A different take on moon landing

July 20, 2009|By JAMES H. WARNER

Today, July 20, 2009, marks the 40th anniversary of the first moon landing by astronaut Neil Armstrong. Almost everyone who was alive at the time will remember the day. They will remember where they were and what they were doing when they heard the news.

I, too, remember where I was and what I was doing on that day, However, I did not hear the news of the moon landing for several more years. I was a prisoner of war in North Vietnam and on July 20, 1969, I was in a small box that sat out in the sun in the third month of a prolonged interrogation about what the Communists were convinced was an escape attempt. Although we did not hear any news about the actual moon landing, the Apollo program did affect us in an interesting way because we thought the landing had happened several months earlier.


One morning in late December 1968, we heard the customary hiss as the loudspeaker system began warming up for what we anticipated would be the usual propaganda session from radio Hanoi. To our surprise, however, at 8 a.m., instead of radio Hanoi, we heard a man with a British accent say, "This is the BBC Hong Kong. The American astronauts become the first human beings to come under the gravitational influence of another celestial body." And then the radio went dead.

We never knew whether they wanted us to hear this or if it was a terrible mistake by someone who had been surreptitiously listening to the BBC.

An hour later, we were taken out to wash. The first man out of our cell was Air Force Capt. Kenneth Fisher. We had not rehearsed what happened next. Ken looked up and could see the moon in the clear winter sky. He came to a stop, snapped to attention and saluted the moon. Instantly, the rest of us caught on. As each of us left the cell, we came to a stop, snapped to attention and saluted the moon.

The guard who was on duty in the guard tower leaned out to see what we were saluting. He had to lean so far that his pith helmet fell off. He almost dropped his rifle and, for a second, we thought he would fall out of the tower himself.
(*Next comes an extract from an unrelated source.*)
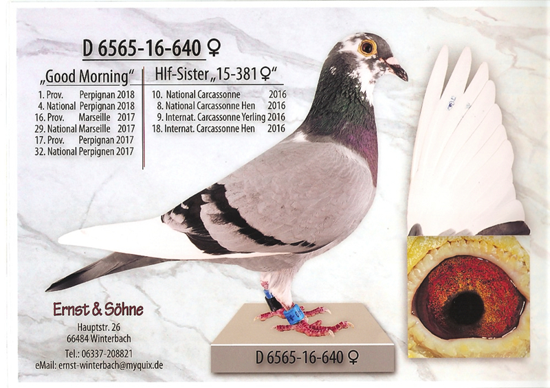 Performanțele constante au fost confirmate și prin clasări de top în ierarhiile naționale germane. În anul 2019, familia Ernst a ocupat locul al treilea în clasamentul național pentru cursele internaționale, cu rezultate remarcabile la etape precum Pau, Barcelona, Saint Vincent, Marseille, Narbonne, Brive și Perpignan. În 2020, echipa s-a situat pe locul 20 în clasamentul național al curselor internaționale, obținând totodată titlul de Porumbel Ace nr. 1 al Germaniei la această categorie.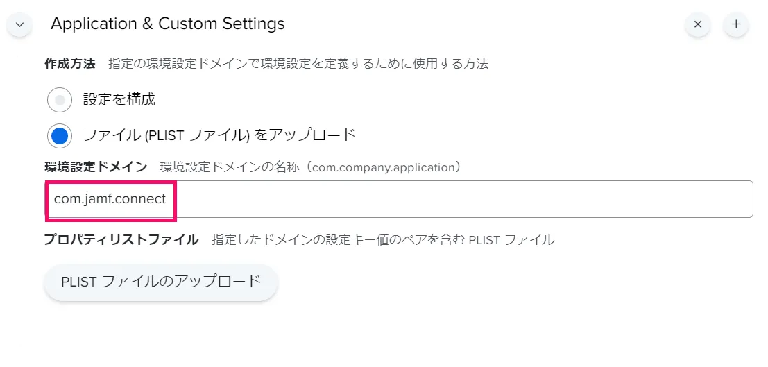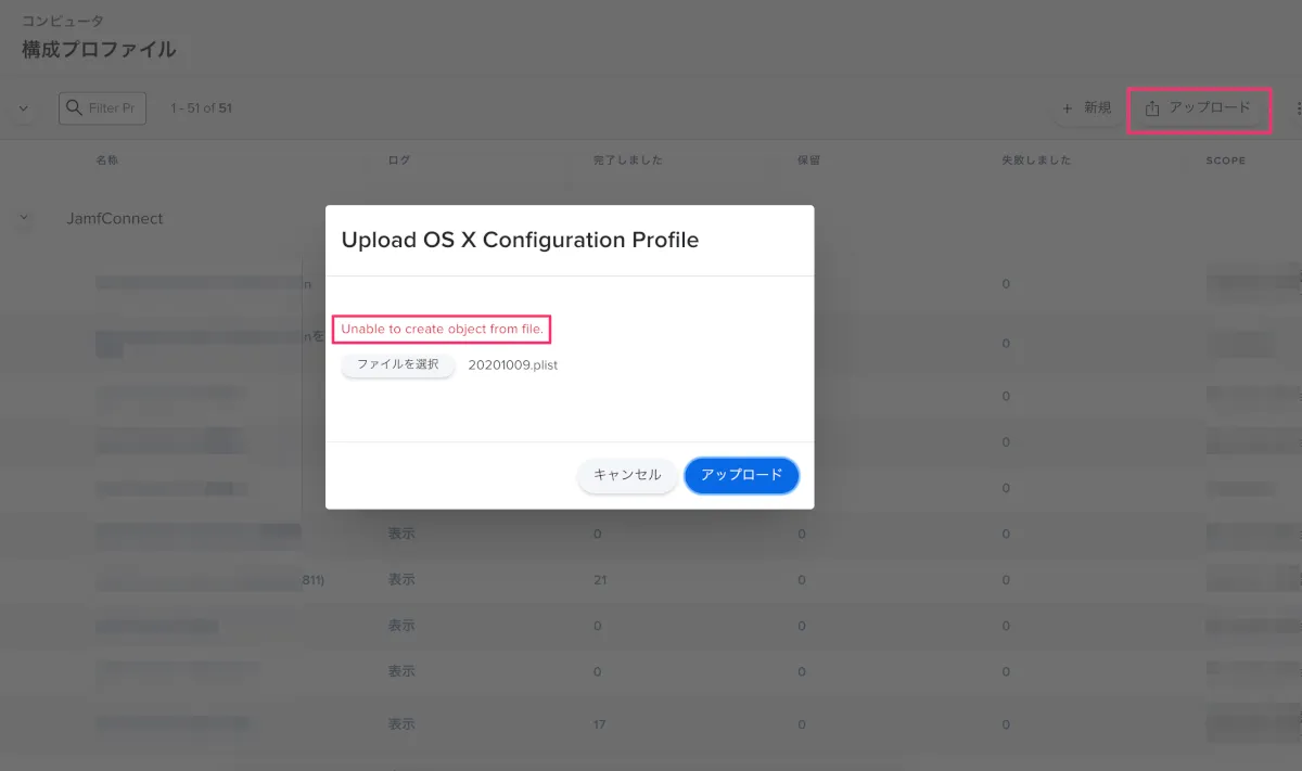 PLISTアップロード時の注意点 プロファイル作成時に表示される画面上部の「アップロード」ボタンよりファイル選択した場合、エラーとなり弾かれてしまいます。(こちらは構成プロファイルmobileconfigファイルをアップロードする際に利用します。)

Navy Lt. j.g. Ted Stier went up to one of the guards and pointed at the moon and spoke the Vietnamese word for the United States, "Hoa Ky." He then pointed at the ground and said "Vietnam." He then made a pantomime as though he were operating a very large piece of artillery. Pointing at the moon again, and again speaking the Vietnamese word for America, "Hoa Ky," he began rocking back and forth with his imaginary artillery piece while crying out "boom, boom, boom" to show that American artillery, if placed on our moon, would have the range to hit North Vietnam. Ted walked away while the guard continued to stare doubtfully at the moon.

Later that morning, our political officer called Ken Fisher, who was the senior officer in our cell, out to interrogation and demanded an explanation of our conduct. Now, we didn't hear the whole news report from the BBC, so we assumed it meant somebody had landed on the moon. Ken explained since Americans were the first to land on the moon, it must belong to us. Therefore, we were just showing respect for our country by saluting when we saw it.

He told the political officer, whom we called "Louis the Rat," that despite American ownership of the moon, we would allow Vietnam to continue to use our moon to time their lunar new year. However, Ken added, they would have to change the Vietnamese word for moon. In Vietnamese, the word for the moon is actually two words, "ma trung." The word for American is "my." Therefore, Kenneth said, they would have to call our moon "my trung." Rat got very angry and sent Kenneth back to our cell.

Thereafter, at every opportunity, we asserted American ownership of the moon. This soon spread throughout the camp and guys began saluting the moon whenever they saw it.

We didn't learn about our error in timing of the moon landing until early 1973, when we were joined by some of those shot down in 1972. By that time, however, the other news about what was going on in the real world was so interesting that we paid little attention to the moon landing. In any case, our story about the landing, even if premature, sounded better to us.

James H. Warner of Rohrersville is a retired attorney. He was a naval flight officer in the Marine Corps, flying in F-4B fighter/bombers in Vietnam. He was a POW for 5 1/2 years.